En las elecciones presidenciales de 2012 la participación ciudadana representó el 63.3% de la lista nominal; para este 2018 se aspira llegar al 70, según indicó Ciro Murayama Rendón, consejero del INE.

 

No son Durango, Tamaulipas, ni Guerrero los estados con mayores dificultades para garantizar las condiciones para votar en el país, sino las zonas en las que viven las personas con altos ingresos económicos, quienes se niegan a participar como funcionarios de casilla.

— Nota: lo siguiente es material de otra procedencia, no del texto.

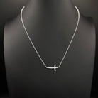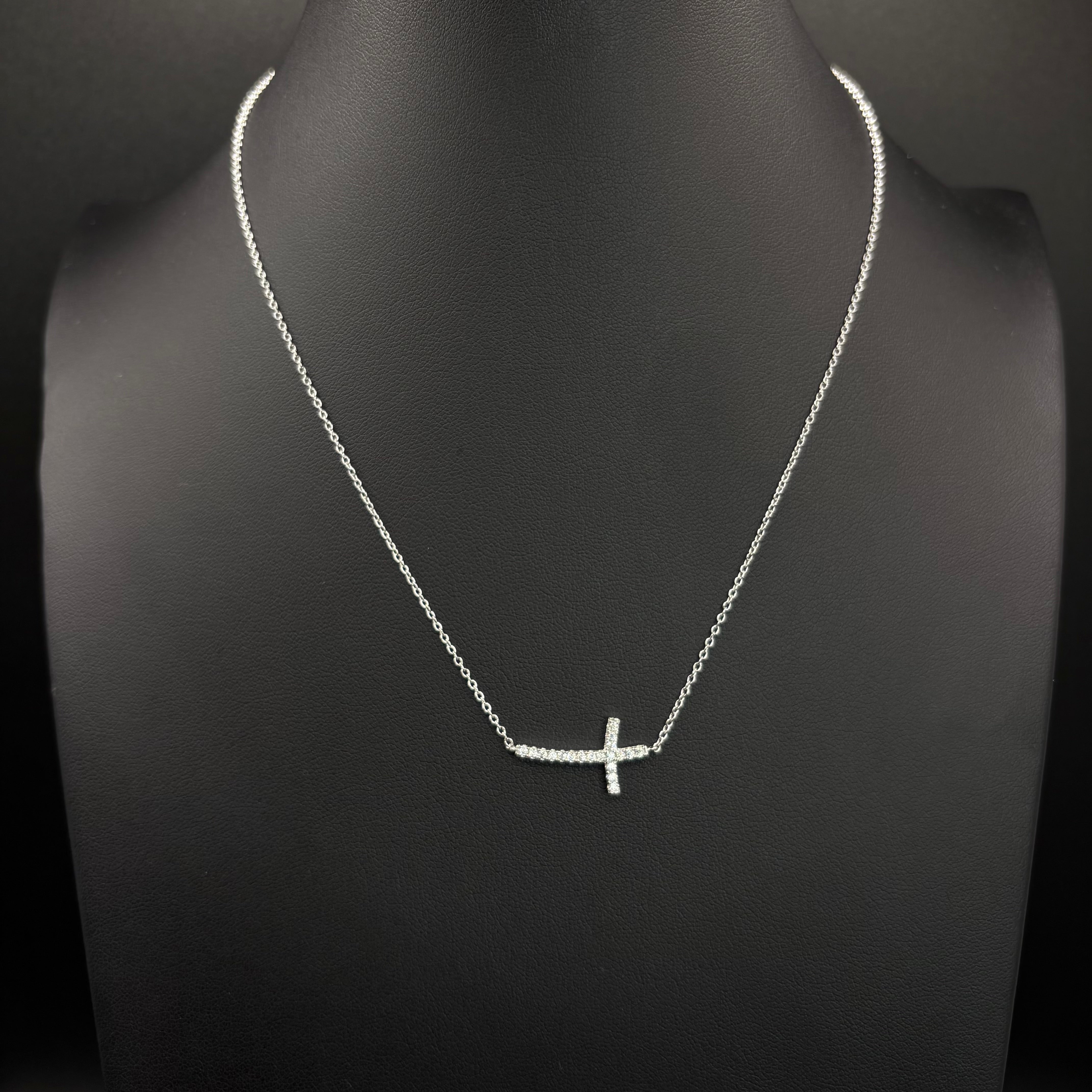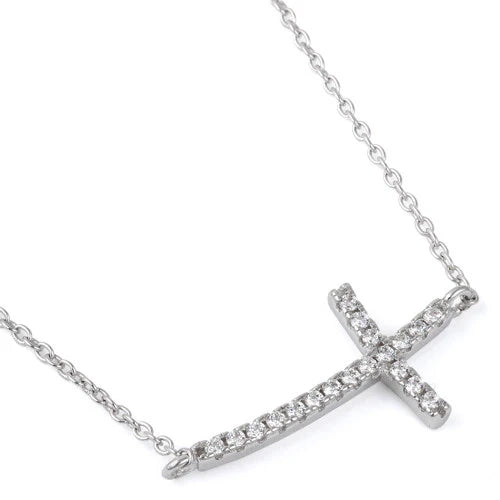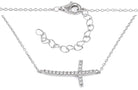 Sterling Silver Cross CZ Necklace – .925 Silver, Rhodium Finish

Más que la inseguridad, es la indiferencia de este tipo de ciudadanos lo que limita el trabajo del organismo electoral

 

Texto: Daniel Estrada

En 2012 la participación ciudadana en la elección de Presidente de la República representó el 63.3 por ciento de los 79 millones 454 mil 802 de ciudadanos y ciudadanas registrados en la lista nominal. Al tener en cuenta que la cantidad de votantes tiende a crecer, según los más recientes comicios, para este 2018 no resulta descabellado aspirar al 70 %.

El pasado primero de marzo en El Universal, varios especialistas como Carlos Ugalde, consideraron que dadas las espectativas que el proceso de campañas está generando, hay amplias posibilidades que la participación electoral sea del 70 %.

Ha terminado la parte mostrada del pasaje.